Загадка оставалась загадкой. И так и этак прикидывал Васин. Может, это дезертиры, прикрывающиеся документами этой части, полученными еще в период принадлежности к ее составу? Может быть, выполняли задание командования, а затем, узнав, что часть ушла на фронт, несколько «задержались» в спокойных условиях глубокого тыла?
Вечером, отпустив Чаянова, майор проинструктировал его: держать заготовителей под контролем. Преждевременно не пугать их и не компрометировать, если окажется, что они действительно те, за кого себя выдают.
– На днях,– заверил Васин,– начнем осуществлять план, который я сейчас согласовываю с командованием воинской части.
Осуществление этого плана началось через три дня.
Утром в зеленое предгорное село Ново-Дмитриевское прибыла и разместилась в районе дома Кононовой шумная и обремененная техникой, конным обозом и дымящей походной кухней группа артиллеристов; часть или подразделение – несведущий глаз так просто не разберет.

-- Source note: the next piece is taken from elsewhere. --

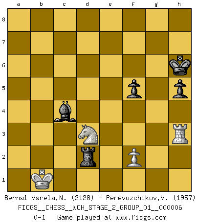 Last move : 0-1 2010 March 15 2:6:11 [Event "FICGS__CHESS__WCH_STAGE_2_GROUP_01__000006"] [Site "FICGS"] [Date "2009.11.03"] [Round "1"] [White "Bernal Varela,Nelson"] [Black "Perevozchikov,Vjacheslav"] [Result "0-1"] [WhiteElo "2128"] [BlackElo "1957"] 1.e4 c6 2.d4 d5 3.exd5 cxd5 4.c4 Nf6 5.Nc3 Nc6 6.Nf3 Bg4 7.Be3 e6 8.c5 Be7 9.h3 Bh5 10.Bb5 O-O 11.Bxc6 bxc6 12.g4 Bg6 13.Ne5 Rc8 14.Qa4 Qc7 15.Bf4 Qb7 16.Qb3 Qa6 17.O-O-O Rfd8 18.h4 Nd7 19.h5 Nxe5 20.Bxe5 Bd3 21.h6 f6 22.Bg3 Bg6 23.hxg7 e5 24.dxe5 Rb8 25.Qa4 Qxa4 26.Nxa4 Rb4 27.b3 Rxg4 28.e6 f5 29.Be5 Bg5+ 30.Kb2 Re8 31.Nc3 Rxe6 32.Bd4 h5 33.b4 Bh6 34.b5 Bxg7 35.Bxg7 Kxg7 36.bxc6 Rxc6 37.Rxd5 Rc4 38.Rd7+ Kh6 39.Rxa7 R4xc5 40.Ra3 Rd6 41.Ka1 Rd3 42.Na4 Rxa3 43.Nxc5 Bf7 44.Kb1 Rxa2 45.Nd3 Rd2 46.Rh3 Bc4 0-1 Caro-Kann : Panov-Botvinnik attack Kingside Castling by player Black (move 10) Queenside Castling by player White (move 17) 10 pieces endgame at move 43 : White KRNPP , Black KRBPP WHITE : King + 1 Rook 1 Knight 2 Pawns BLACK : King + 1 Rook 1 Bishop 2 Pawns 9 pieces endgame at move 44 : White KRNP , Black KRBPP WHITE : King + 1 Rook 1 Knight 1 Pawn BLACK : King + 1 Rook 1 Bishop 2 Pawns Player Black won this chess game. Follow this game move after move (download)No price is too great for the scalp of the enemy King. (Koblentz) Zum Sieg gelangt man nicht, wenn man gut, sondern nur wenn man besser spielt (Savielly Grigorievitsch Tartakower) El Ajedrez es un mar en el cual un mosquito puede beber y un elefante puede bañarse. (Refrán Hindú) Le jeu d'échecs fait naître et fortifie en nous plusieurs qualités précieuses dans le cours de l'existence, telles que la prévoyance, la circonspection, la prudence, et la persévérance. (Benjamin Franklin - 1783, la morale des échecs) There is no instance of a country having benefited from prolonged warfare. (Sun Tzu)
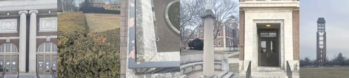 In order, the sites include Foellinger Auditorum, the Morrow Plots, the railing of the Undergraduate Library, the Eternal Flame and the South Bell Tower.

В селе, в благоухающем разноцветьем воздухе сразу запахло дымом, бензином, нагретым на солнце металлом. Командовал артиллеристами молодой, энергичный младший лейтенант.
Прибывшие ходили по хатам, уточняли наличие свободных мест и устраивались на ночлег. Когда уже село солнце, группа бойцов во главе с молоденьким и низкорослым командиром зашла в хату Марфы. Младший лейтенант, встретив хозяйку у порога, спросил, нельзя ли ему разместить у нее несколько красноармейцев?
– А кто вы, сынки, будете?– ответила вопросом на вопрос хозяйка.– Да вы заходите до хаты,– и, пропустив пришедших, сама вошла за ними.
– Младший лейтенант Бодыков!– браво, с восточным акцентом представился хозяйке командир.– Мы, как бы это вам сказать... пушкари.
Бодыков рассмеялся. Улыбались и бойцы.
– Стоят у меня уже. Их спросить надо. Если они не против, потесниться можно.
На разговор из соседней комнаты в расстегнутой по-домашнему гимнастерке и без ремня вышел высокий пожилой военный со знаками отличия техника-интенданта первого ранга.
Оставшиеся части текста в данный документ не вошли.